Mechanics of Solids: Equilibrium for Rigid vs Deformable Bodies

[heman]

In a lecture of Mechanics of solids ,the instructor said,

For an rigid body to be in equilibrium it should have no tendency to either displace or rotate(that's okay!)but for deformable bodies each & every subsystem should be in equilibrium!
I wonder how it is that body can be in equilibrium but its subspaces are not!

 

[sniffer]

when the centre of mass of the system remains static. subsystem mass are not necessarily static.

 

[heman]

Obviously i think the basic constituent particles are not at rest but what would be the definition of subsystem here!it is at which level!

 

[faust9]

I wonder how it is that body can be in equilibrium but its subspaces are not!

How did you make this leap? Sure, within a crystal structure or rather at a molecular level there is motion, but at a macroscopic level for a body to be in equilibrium the entire body as well as the differential bodies must also be in equilibrium. What that means is ME's disregard molecular motion and deal with macroscopic concepts for equilibrium in that when you look at beam bending you integrate along the length of the beam as if each differential section behaved as a solid with the same characteristics as the whole body---unless there is a/are known point(s) of change is composition or geometry.

your fist statement:

but for deformable bodies each & every subsystem should be in equilibrium!

means that if you have a column beam (those things that support the roof of the parthanon) or a cantalevered beam(a diving board) or any other beam/truss/whatever setup the beam(s) will tend toward a state of lowest potential energy. What that means is if you do not over load the beams they will bend or buckle, thus deforming, in proportion to the forces applied such that after some amount of time with constant forces applied the structure will no longer translate or rotate. The entire structure will be in equilibrium as will the differential areas or cross sections of the beams themselves.

Even if you do overload the beams they will still tend toward the lowest potential energy; however, the lowest potential energy for an overloaded beam may be at the bottom of a heap of rubble in an extreme case or the lowest PE may be the beam experiences a little plastic deformation. Anyway...

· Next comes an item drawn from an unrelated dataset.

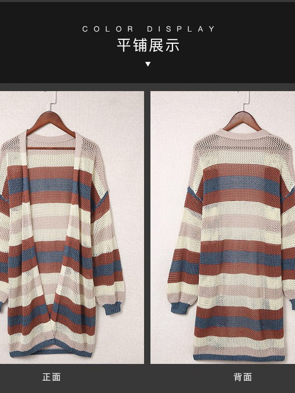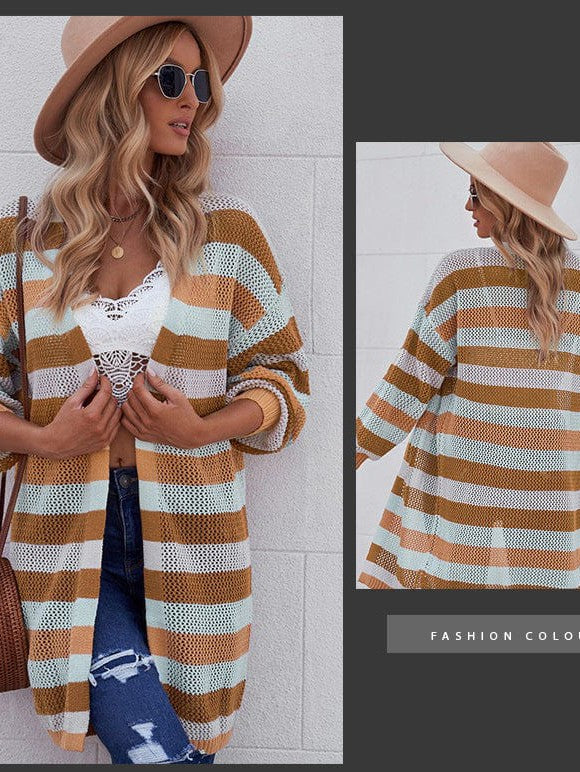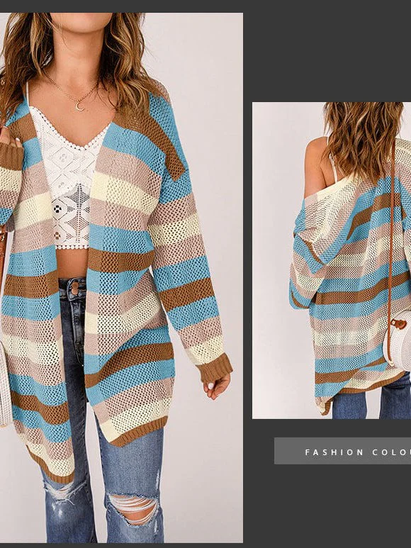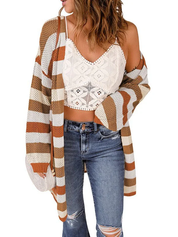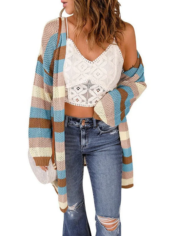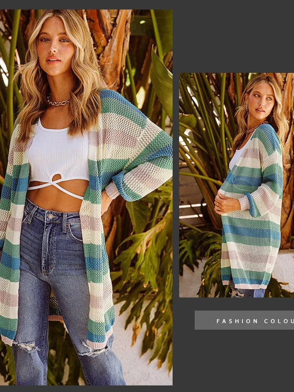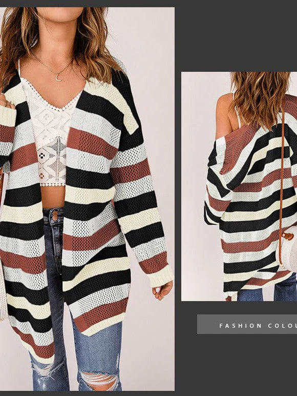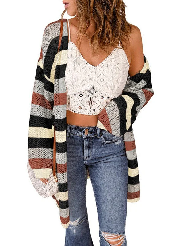 Striped Contrast Color Cardigan Jacket With Long Sleeves For Women

If you looked at the smallest cross section of a beam in equilibrium(assuming macroscopic properties) then that smallest cross section wil be stationary just like the entire body.

Hope this helped because the above concept is the basis for some pretty important concepts in mechanics like Castigliono's(sp?) theorms. These theorms assume macroscopic properties(molecular motion is inconsequential thus neglected---or rather factored in as a simple temperature term) in order to easily use this minimal potential energy concept. Differential cross sections are assumed to be in equilibrium if the entire beam is in equilibrium.

If you want to look at molecular motion then you're getting a little more into the materials aspect of engineering and away from the mechanics aspect. Even with molecular motion, at that level the motion will still be in equilibrium if the entire beam is in equilibrium.

 

[heman]

but at a macroscopic level for a body to be in equilibrium the entire body as well as the differential bodies must also be in equilibrium. .

Well doesn't there exist even a single case when the body is in equilibrium but its subspaces are not!
I have heard that it exists in case of Deformable bodies,and since only few initial lectures are done we haven't reached till cantilevers etc.etc.!

your fist statement:


means that if you have a column beam (those things that support the roof of the parthanon) or a cantalevered beam(a diving board) or any other beam/truss/whatever setup the beam(s) will tend toward a state of lowest potential energy. .

Agree!

What that means is if you do not over load the beams they will bend or buckle,.

Sorry,i can't realize this!
DO You mean body with proper loading will bend or buckle to achieve min. energy!
Or rather shouldn't the body move into state of min. potential energy irrespective of the lesser/over loading!

thus deforming, in proportion to the forces applied such that after some amount of time with constant forces applied the structure will no longer translate or rotate. The entire structure will be in equilibrium as will the differential areas or cross sections of the beams themselves.

Even if you do overload the beams they will still tend toward the lowest potential energy; however, the lowest potential energy for an overloaded beam may be at the bottom of a heap of rubble in an extreme case or the lowest PE may be the beam experiences a little plastic deformation. Anyway...

If you looked at the smallest cross section of a beam in equilibrium(assuming macroscopic properties) then that smallest cross section wil be stationary just like the entire body.

Hope this helped because the above concept is the basis for some pretty important concepts in mechanics like Castigliono's(sp?) theorms. These theorms assume macroscopic properties(molecular motion is inconsequential thus neglected---or rather factored in as a simple temperature term) in order to easily use this minimal potential energy concept. Differential cross sections are assumed to be in equilibrium if the entire beam is in equilibrium.

If you want to look at molecular motion then you're getting a little more into the materials aspect of engineering and away from the mechanics aspect. Even with molecular motion, at that level the motion will still be in equilibrium if the entire beam is in equilibrium.